High-Speed Rail Part 2: Europe
posted in Planning Disasters, Transportation |Many Americans who visit Europe return gushing over the high-speed rail lines. If only our country had the foresight to build such wonderful trains! It is too bad that America is being left behind the high-speed rail revolution.

A German InterCity Express (ICE) train in Leipzig station.
Fast, frequent rail service may be a boon to tourists. But it does not play a significant role in overall European travel. Eurostat’s Panorama of Transport says that, as of 2004, rails in the 25-member European Union carried just 5.8% of passenger travel — down from 6.2% in 2000 — while automobiles (including motorcycles) carried 76.0%, up from 75.5% in 2000 (see p. 102).
Italy was the first European country to start high-speed train service, with a 160-mile-per-hour train between Rome and Florence in 1978. France’s TGV began service in 1981. Today, high-speed trains run on more than 3,000 miles of track in Europe. France is the leader: its trains carry 54 percent of Europe’s high-speed rail riders, followed by Germany at 26 percent and Italy at 10 percent. Spain, the U.K., and other countries are all below 5 percent.
At the same time, page 106 of the Panorama of Transport says rail carries only 8.6% of passenger travel in France, with 85% going by car. German rails have 7.1% of the market, with 85% by car; Dutch rails are 8.1%, 84% car; U.K. is 5.5% rail, 87% car, and so forth. Even in Eastern Europe, with the exception of Hungary (where rails have 13% of the market), rails carry only 6 to 8 percent of travel. (These numbers don’t count air travel; adding that reduces rail’s shares even further.)
Regulations set by the European Union are supposed to prevent member states from gaining an unfair advantage over other members by subsidizing their transport networks. Yet most of the capital costs of high-speed rail has been covered by government subsidies, sometimes (as in Japan) in the form of “loans” to the state-owned rail companies that will probably never be repaid.
“Rail is heavily subsidized,” says French economist Rémy Prud’Homme. “Users pay about half the total cost of providing the service.” Prud’Homme estimates that European Union nations give at least 68 billion euros in annual subsidies to their rail systems.

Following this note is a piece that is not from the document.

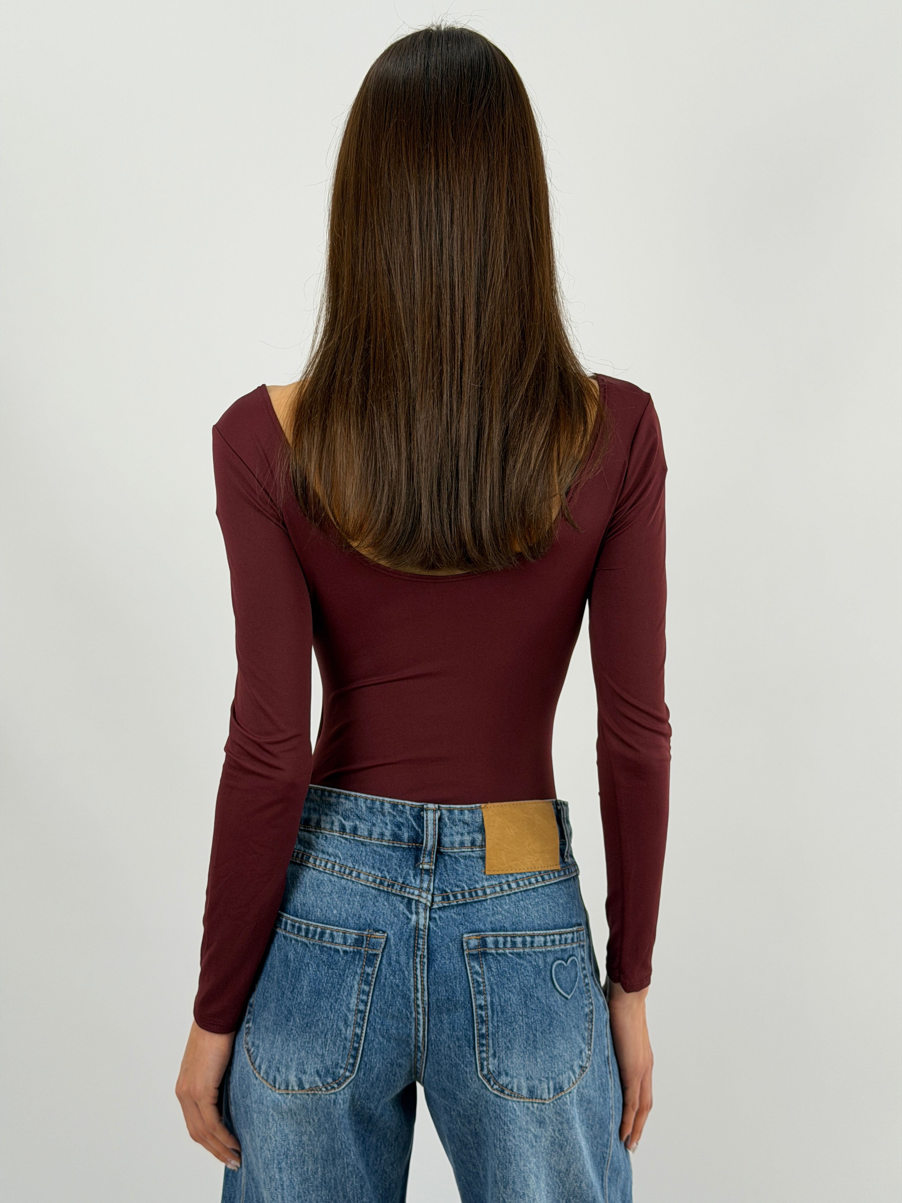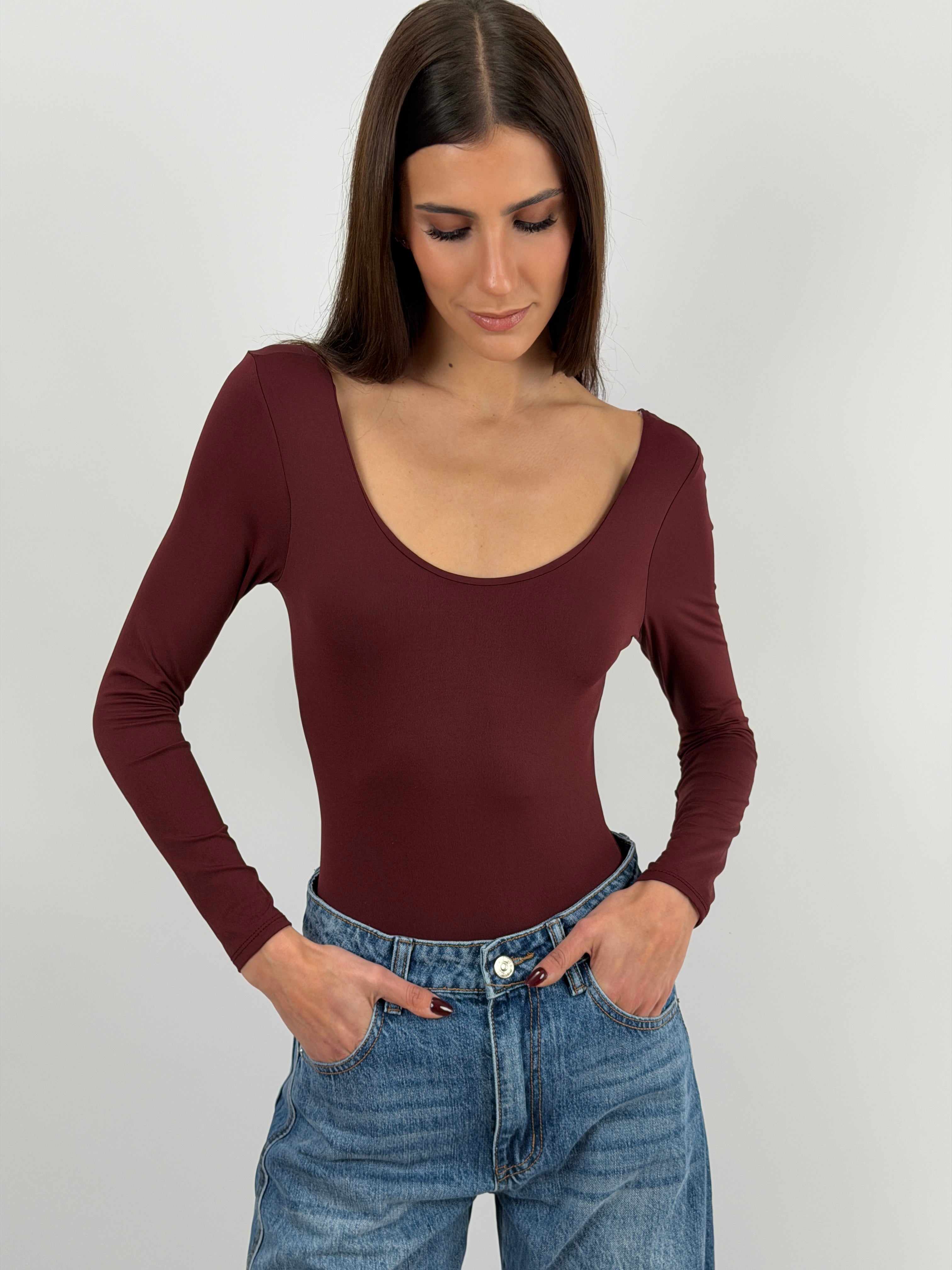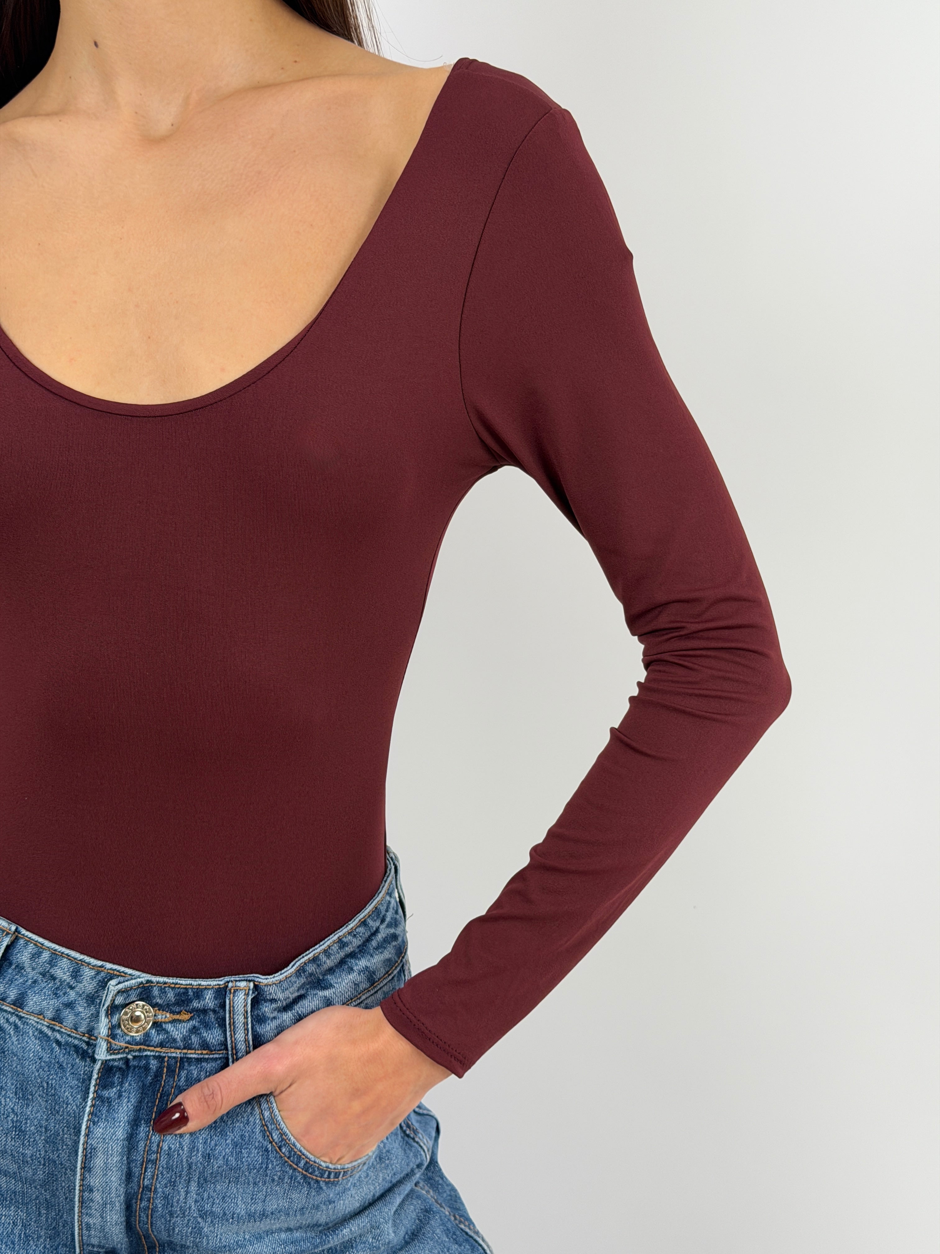 Body skim bordeaux a manica lunga, scollo tondo davanti e dietro, tessuto elasticizzato.

Despite the speed of the trains, the extent of the subsidies, and the punitive taxes on driving, high-speed rail has not reduced highway congestion. “Not a single high-speed track built to date has had any perceptible impact on the road traffic carried by parallel motorways,” says Aria Vatanen, a member of the European Parliament.

Two 185-mph Thalys trains pass one another on their journeys between Paris and Amsterdam.
The introduction of subsidized high-speed rail has caused some airlines to end service paralleling rail routes. Before France opened high-speed rail service between Paris and Marseille in 2001, nearly four times as many people flew this route as took the train. Today, trains carry more than two people for every person flying, and at least one airline has abandoned the route. Airlines have completely abandoned Paris-Brussels service, and at least one airline has left the Paris-London market, since high-speed rail service began between those cities.
Japan’s high-speed trains operate on a different track gauge (the distance between the rails) than its low-speed trains. This means the two networks never interconnect. Europe countries use the same gauge for both of their networks. In major cities like Paris, the two systems are separate. But in the hinterlands, the high-speed trains often operate at conventional speeds on tracks shared with other passenger and freight trains.
For example, TGV trains can be seen throughout France and into several bordering nations. But they only operate at high speeds between Paris and a few other major cities including Marseille, Le Mans, St. Pierre Des Corps, London, and Brussels.
As in Japan, the emphasis on passenger trains has meant a de-emphasis on freight trains. In 2004, rails carried just 16.5% of freight (compared with 37% in the U.S.), while highways carried 72.5 percent (compared with 28.7 percent in the U.S.). As in Japan, rail’s share of European freight is shrinking, while in the U.S. it is growing.
Billions in subsidies, dwindling market share, successful only in putting formerly profitable competitors out of business. These are hardly the hallmarks of a program worth envying or emulating.